Bis Jahresende sollen auch alle noch verbleibenden 130 Wagen der noch unter Regie der BVG zu West-Berliner Zeiten entwickelten ältesten Baureihe 480 mit der aktuellen Signaltechnik ausgerüstet sein. Eigentlich sollen die derzeit bis zu 34 Jahre alten Fahrzeuge bis Ende des Jahrzehnts auf das Abstellgleis rollen. Es sei unklar, ob sie darüber hinaus einsatzfähig zu halten sind.

»Ob man die noch mal revisionieren kann, wird davon abhängen, wie stark die Rostschäden nach den Fahrzeugen sind«, sagt Buchner. Um festzustellen, in welchem Zustand die Wagenkästen sind, müsse man »den Boden öffnen und vorsichtig die Einstiegsbereiche anschauen und dann muss man Risikobewertung machen und daraus ableiten, mit welchem Aufwand man die noch mal revisionieren kann«. Sollte sich abzeichnen, dass die Neubeschaffung von Zügen wegen der Ausschreibung noch länger dauere, »dann werden wir uns dem Thema widmen«, sagt er.

Vergabeverfahren in der Endlosschleife

»Deswegen ist es wichtig, dass auf absehbare Zeit hier eine Entscheidung getroffen wird zu einem Neubaufahrzeug«, sagt Buchner. Damit spricht er das nun seit über vier Jahren laufende Vergabeverfahren für Neufahrzeuge und Betrieb auf zwei Dritteln des S-Bahn-Netzes an. Geplant waren zwei Jahre Verfahrensdauer. Doch jüngst ist der Abgabetermin für die verbindlichen Angebote zum wiederholten Male verschoben worden – nun vom 8. Oktober auf den 11. November.

Dem Vernehmen nach bewerben sich nur noch der französische Bahntechnikkonzern Alstom als Fahrzeuglieferant und ein Konsortium aus Siemens und Stadler Rail zusammen mit der S-Bahn Berlin GmbH um Betrieb und Neufahrzeuge.

Diese Verlegung sei »auf Bitten der Bieter« erfolgt, heißt es von Petra Nelken, Sprecherin der Senatsverkehrsverwaltung. Das scheint eine eher mutige Interpretation des Sachverhalts zu sein. Denn aus gut informierten Kreisen ist zu vernehmen, dass zum ursprünglichen Termin weder alle Bieterfragen komplett beantwortet noch die vom Ausschreibenden zur Verfügung gestellten Angebotsunterlagen fehlerfrei waren.

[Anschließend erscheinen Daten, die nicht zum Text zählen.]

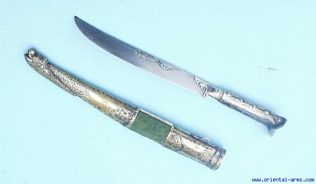 This small beautiful knife is of Turkish origin and known as Bichaq. It has a single edge blade 7 inches long engraved and dated 1272 in the Islamic calendar, which corresponds to 1855 in the Gregorian calendar. The hilt is black enameled (Niello) and gilded silver with “ears” in the Yatagan handles style. The scabbard is wood, covered with green velvet and mounted with chased brass mounts with a big “Dolphin” classical Turkish scabbard tip. Total length (in scabbard) 12 ½ inches. Very good condition. The left “ear” is very slightly bent. All parts are original (except the later velvet cover). Offered here at a very attractive price. |

Verkehrsstaatssekretär Johannes Wieczorek (CDU) berichtete kürzlich im Hauptausschuss, dass der Zuschlag den erfolgreichen Bietern Anfang 2025 erteilt werden soll. Im Teilnetz Stadtbahn soll demnach im September 2030 der Betrieb aufgenommen werden, zwei Monate später auf dem Teilnetz Nord-Süd.

Selbst wenn es irgendwann einen Zuschlag für einen Bieter geben sollte, droht danach ein weiteres langwieriges juristisches Verfahren. Die Vorsitzende Richterin Cornelia Holldorf gab bei der Verhandlung der Klage von Alstom im Februar 2024 deutliche Hinweise, dass es noch Punkte gebe, die nach Erteilung eines Zuschlags in einem neuen Prozess zu verhandeln sein könnten. Kern des Problems bei der Vergabe ist, dass der politische Kompromiss, den Grüne einerseits sowie SPD und Linke andererseits schlossen, um eigentlich unvereinbare Positionen zu einen, in der juristischen Realität des Verfahrens kaum umsetzbar sind.